If you have the yips or are anchoring a club, and will be impacted by the USGA and R&A proposed rule change, don’t worry.

There are various other options available to you, such as sidesaddle putting or holding the putter against your forearm—but not above the elbow.

We cover various alternative styles of putting in The Fundamentals of Putting, our new book now available for pre order.

15 thoughts on “Alternative Putting Styles

  1. It would be so simple for the USGA to have an under 7 HDCP rule. It’s not like anyone with a handicap over 7 is going to enter any major USGA tournaments.

  2. HEY When me and my buds play we make up our own rules . lose a ball you think you should have found Drop and take a stroke (we don’t have fore caddies like the big boys) on the green if you are inside the leather GOOD! Then there is the LEAF rule in the north east in the fall and winter (you can’;t find it in the light rough you ain’t penalized) If I had to play USGA rules my HGI would be 4 to 10 points higher But I still support the USGA I sign Up and get a GOLF cap every every year.

  3. The USGA should allow members to vote on their crackpot ideas. Why not? They would have to come down from their ivory tower and mingle with commoners! Yes, voting with dollars may be the best recourse.

  4. Most USGA equipment rule changes benefit club makers, but rarely the public. Wow, the new ‘groove design’ rule really changed the rough stats, (pardon the sacassm). The exception would be the 460 cc driver. But that benefitted manufactures as well. Then there is the burnt cracker goal for the US Open setup. The public never plays a course like that, or with rediculous rough. What is that all about? Now they are saving the putting stroke, very late I’d say, major wins are in the books. Does this benefit equipment makers? Or just iritate USGA members? I’m thinking of not renewing, as well. Let’s at least freeze the rule book for about 50 years.

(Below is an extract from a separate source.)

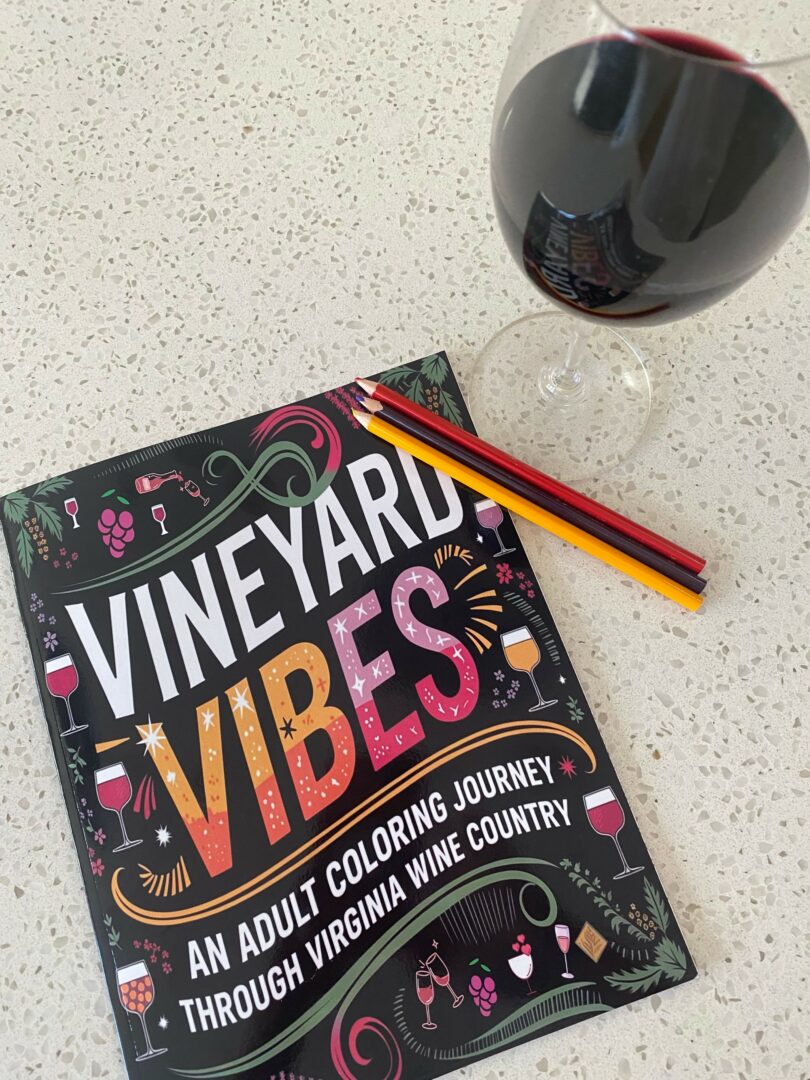 As I kept busy with my career in marketing, I’ve grown my social media following for Virginia Wine Know (on Instagram) and have thoroughly enjoyed continuing my wine journey. And, just this year – finally after many years of fitting it in – my love for wine, creativity, and mindfulness has come together in my new book, *Vineyard Vibes: An Adult Coloring Journey through Virginia Wine Country*. This adult coloring book, a new labor of love, is a celebration of Virginia’s wine culture and an invitation to slow down, reflect, and reconnect with yourself through color, art, and storytelling. It’s also inspired by my own journey toward mental wellness.

  5. Excellent idea about dropping membership. I’m going to suggest that to members at my course. The RCGA does about as much for us north of the border as the USGA does for you guys. If we collectively cut their membership thus revenue they might get the point. We need to tell them that, not just not renew so they know why membership is down.

  6. As I play for the fun of the game and have started to “Play it Forward” I don’t see why we should outlaw a piece of equipment that has improved the fun of the game. I have both a belly and short putter that i exchange when the other one quits working. I am sure I will continue to do that. I agree that the USGA has to rethink where their priorities lie.

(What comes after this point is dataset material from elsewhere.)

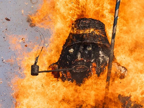 The Swiss still believe in it, and it is a hot topic on the day. There is live TV coverage. Celebrities are interviewed as the pyre burns in the background.

  7. The courses the professionals play on are not the same world that I have ever played on. Wherever I have played, the playing conditions determine how the rules are played for the day.
    As far a the long putter is concerned, why don’t the ruling bodies grow up. We don’t play with the same golf balls or clubs made out of the same materials, so why is the length of the putter so important. Even the statistics prove they don’t provide an advantage. A few years ago it was the face grooves, what is next. At my age 75, do you really think I am going to change my equipment?

  8. I quit the USGA several years ago. My reason was that they do not represent me or the type of recreational golfer that my wife and I are.. If I am going to pay dues to an organization it must be one that does something for me, rather than hinders my ability to play golf, enjoy it and get the execrcise my doctors demand I get.

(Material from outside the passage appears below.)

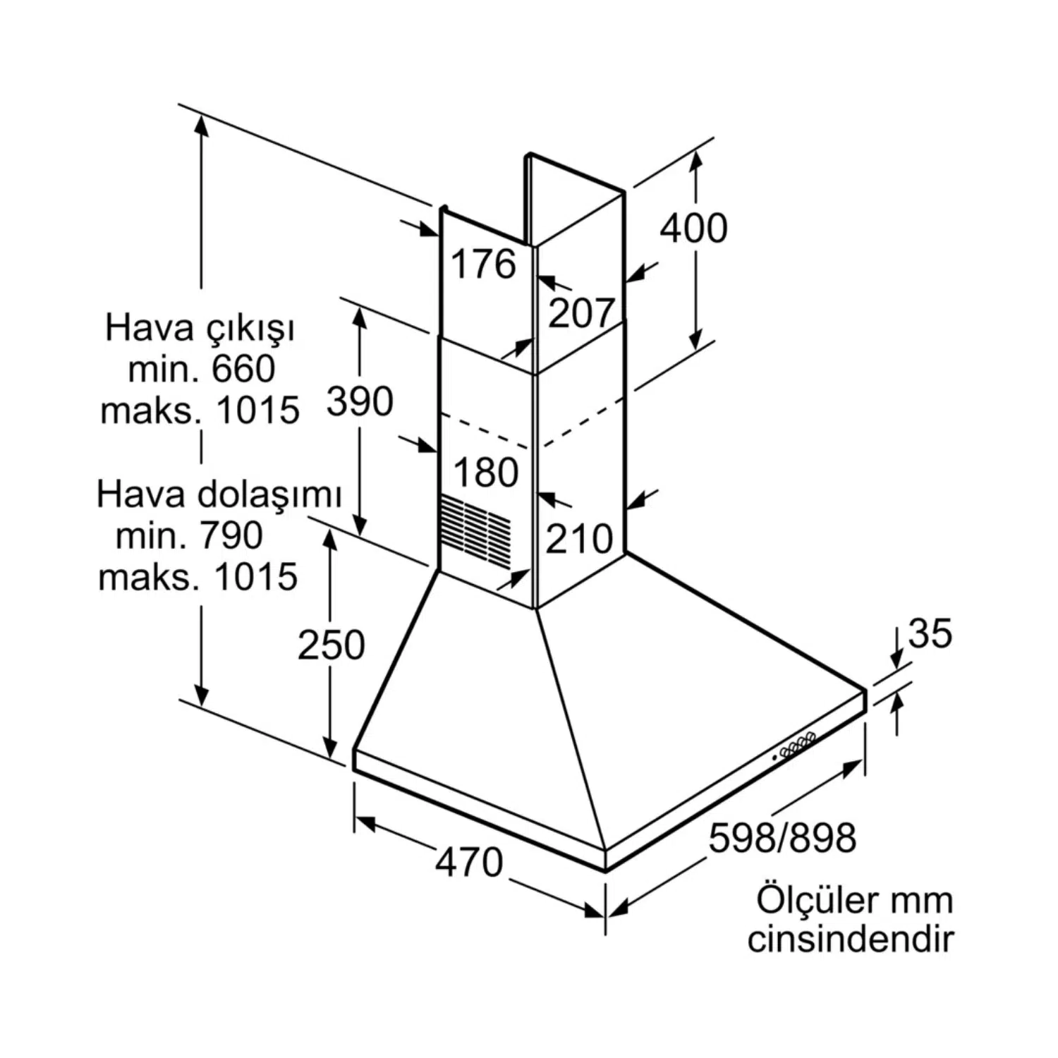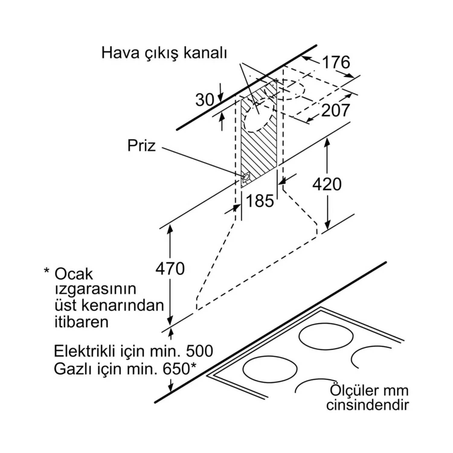 Gazlı Ocak Üzerindeki Minimum Mesafe: 650 Mm

  9. I must say that Ron Payne makes an extraordinary amount of sense. I just unsubscribed from the USGA emails and tossed the renewal form in the recycling bin because they have ceased to represent what is good about golf. I second Ron’s nomination of you, Frank, to a new People’s Commission for Golf based on common sense and fair play.

    The overwhelming majority of golfers are recreational amateurs. We need a governing body concerned with our issues. The PGA Tour is a theatrical organization–maybe they should be represented by SAG or AFTRA.

  10. Frank, any ban will not affect how I putt nor any of my friends who use a long or belly putter. What will be affected will be our yearly membership fees to the USGA (some of us have been members for 30+ years) wich will cease as our memberships will not be renewed. I suggest that it may be time to have a new rules making body to rewrite rules that make some sort of common sense. This is especially true in this era of “the sky is falling” mentality of the USGA and R&A.

    • The rule being proposed does not pertain to recreational golfers. There will be no putter police roaming the country checking to see who is in violation of this rule if and when it should go into effect. To not support the USGA here in the states can only be detrimental to all golfers in the long run, as the money they recieve from dues goes to a lot of things that we and our courses benefit from. I’m sure the Frank can bring to this post a host of things the USGA does besides the rules.

  11. I think that they should outlaw lining up a mark, line, trademark on the ball. It just wastes time, and complicates the issue. Unless you have a dead straight putt, then starting direction is a factor in the calculus of the ball’s path, as is speed and the desired endpoint. Not the hole if you want to beat the lumpy donut.
    Also, the amount of skid vs. roll is a function of slope, putting style, MAYBE the surface of the putter, wetness of the green…
    I’ve seen a lot of players, including Mr. Woods, go from not lining it up to lining, and not one has improved. Generally, more lipouts and misses past the hole.